In 2017, Diabetes type 1 (T1D) and type 2 (T2D) are responsible for more that 5 million deaths world-wide. Annually one in ten of adult deaths in Europe is related to diabetes. T1D is characterized by a high glucose level in the blood and an absolute insulin deficiency. Unfortunately, current insulin therapies cannot regulate glucose levels on a minute-to-minute level as the cells in the pancreas can. This, on the long term, might cause severe acute and long-term complications (including retinopathy, neuropathy, and nephropathy) which have significant social and economic impact. Transplantation of insulin producing cells is a proven option to prevent diabetic complications in a subset of patients with T1D. It requires lifelong immunosuppression which has side effects such reduced immune defense against pathogens. The treatment suffers from donor shortage.
The (bio)artificial organs chair of Professor Dimitrios Stamatialis focuses on the development of novel immune-protective membrane-based cell encapsulation devices, containing insulin producing cells for regulation of blood glucose in T1D, without the need for injections and immunosuppressive drugs. The pancreatic islets are seeded in separate microwells to avoid aggregation, whereas the membrane porosity is tailored to achieve sufficient transport of nutrients, glucose and insulin (Figure 1).

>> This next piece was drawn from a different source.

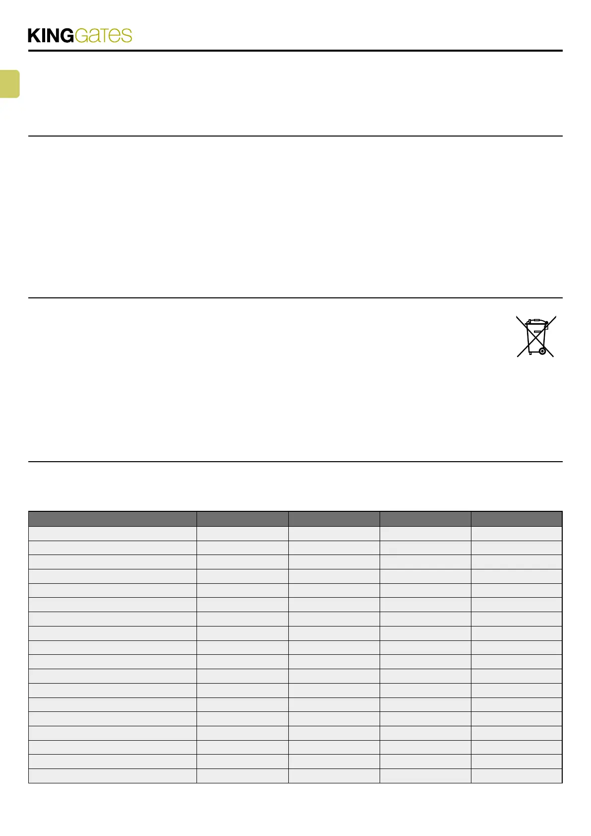 ADVERTÊNCIAS: • Todas as especificações técnicas nesta secção referem-se a uma temperatura ambiente de 20ºC (+/- 5º) KING

Within the Developmental BioEngineering group, professor Marcel Karperien and doctor Jeroen Leijten have developed microfabrication technologies for the encapsulation of insulin producing βcells in microcapsules consisting of enzymatically cross-linked polymers. These microcapsules have a diameter of approximately 150 micrometers, consist of a micrometer thin shell and a hollow core which contains the cells. The shell protects the cells from the host’s immune system while optimally facilitating diffusion of glucose and insulin. The cell containing microcapsules can be introduced in the patient using a simple injection (Figure 2).